After a year in Mongolia, Goncharova returned to Leningrad, which gifted another life-changing experience: seeing Vyacheslav Ganelin’s free jazz trio at a festival. It opened her ears to wider sonic possibilities. “It seemed similar to what we studied,” she says, “but it was different. It was more holistic, more organic, more expressive.”

She fell in with the Soviet underground rock scene, including the collective Pop-Mechanika, and got to know composers including Sergey Letov. But in 1984 she moved to Tallinn with her husband, Igor Zubkov, and lost her connection to those scenes. “Free jazz wasn’t developed in Tallinn,” she says. “There was no audience and no musicians. I thought, ‘I have to start playing free jazz alone.’ I needed four or five ‘voices’. So my husband bought me a tape recorder.”

Goncharova and Zubkov are close collaborators. He is an engineer who helps to realise her musical visions by setting up ways to overdub with basic equipment, electrifying and building her string instruments, and constructing contact mics for them to record the sounds of household objects. She is clear that even with the electronics, she always wanted her violin to sound like a violin, but these bespoke modifications mean the tone of her playing is utterly distinctive, with a tactility like raw silk: fine and luxurious; soft but with grain.

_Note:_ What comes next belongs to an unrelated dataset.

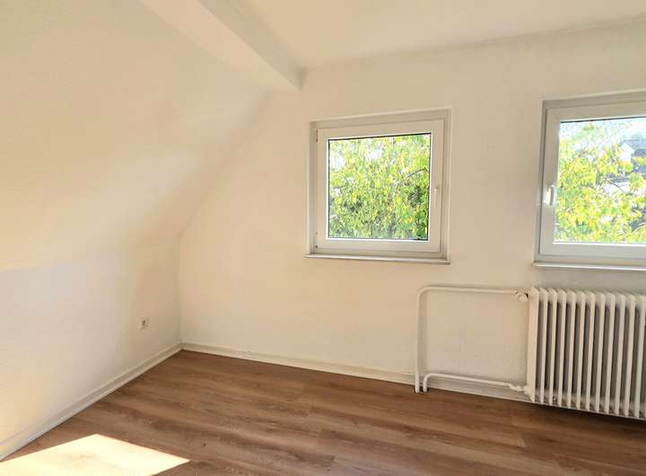 Über eine Holztreppe gelangt man in die obere Wohneinheit. Diese überzeugt durch ihren praktischen Grundriss und die, in den letzten Jahren, teilweise erneuerten Fenster. Sie verfügt über ein Schlafzimmer mit angrenzendem kleinen Raum sowie ein weiteres Zimmer mit begehbarem Ankleidebereich. Das große Wohnzimmer mit Zugang zum Balkon bietet darüber hinaus viel Platz und einen herrlichen Blick in den Garten. Auf dieser Etage befindet sich auch ein Badezimmer mit Wanne.

The epic symphony Ocean is unquestionably her magnum opus, but after completing it in 2022 she stopped composing, finding that her ideas just wouldn’t coalesce – until Campanelli emerged fully formed. Ocean had a cosmic scope, articulating “the source of all forms that receive life within space and time. Ocean was all-encompassing – it was like the universe. So any other idea seemed too small next to it. It was difficult for me to get into a mood where another idea could become worthy – could look as global and as important as those ones.”

Relatively speaking, Campanelli’s quest to articulate life as a whole is almost provincial. The title means bells or bell-ringer in Italian (a language Goncharova speaks). It opens and closes with the gentle herald of struck Tibetan bowls, which give way to wavy glissandos and resonant strata of featherlight strings. “When we come to this world, something happens, some kind of contact is established between the highest realm and the physical realm,” she says. “Then when something happens in our life – something important – the sound of bell ringing is what we hear. When we leave this life, maybe that bell will ring a little bit longer, because it has to embody everything: what was at the beginning, what was in the middle and what is at the final stage. It’s not something that stops, it’s some sort of transition, maybe to an eternal life.”

Goncharova considers herself a pacifist. “Any war is disgusting to me,” she says when I ask about the ongoing conflict in her native Ukraine. “Over the last three years, I have realised life in the world has changed. It has changed for every person.” I ask if she considers her music to be spiritual. “Yes,” she says decisively. “But if I highlighted this, people might reject [my music]. They wouldn’t accept it. Those people who want it, they can find the spiritual in it. You can’t really live outside of the spiritual if you’re a musician.”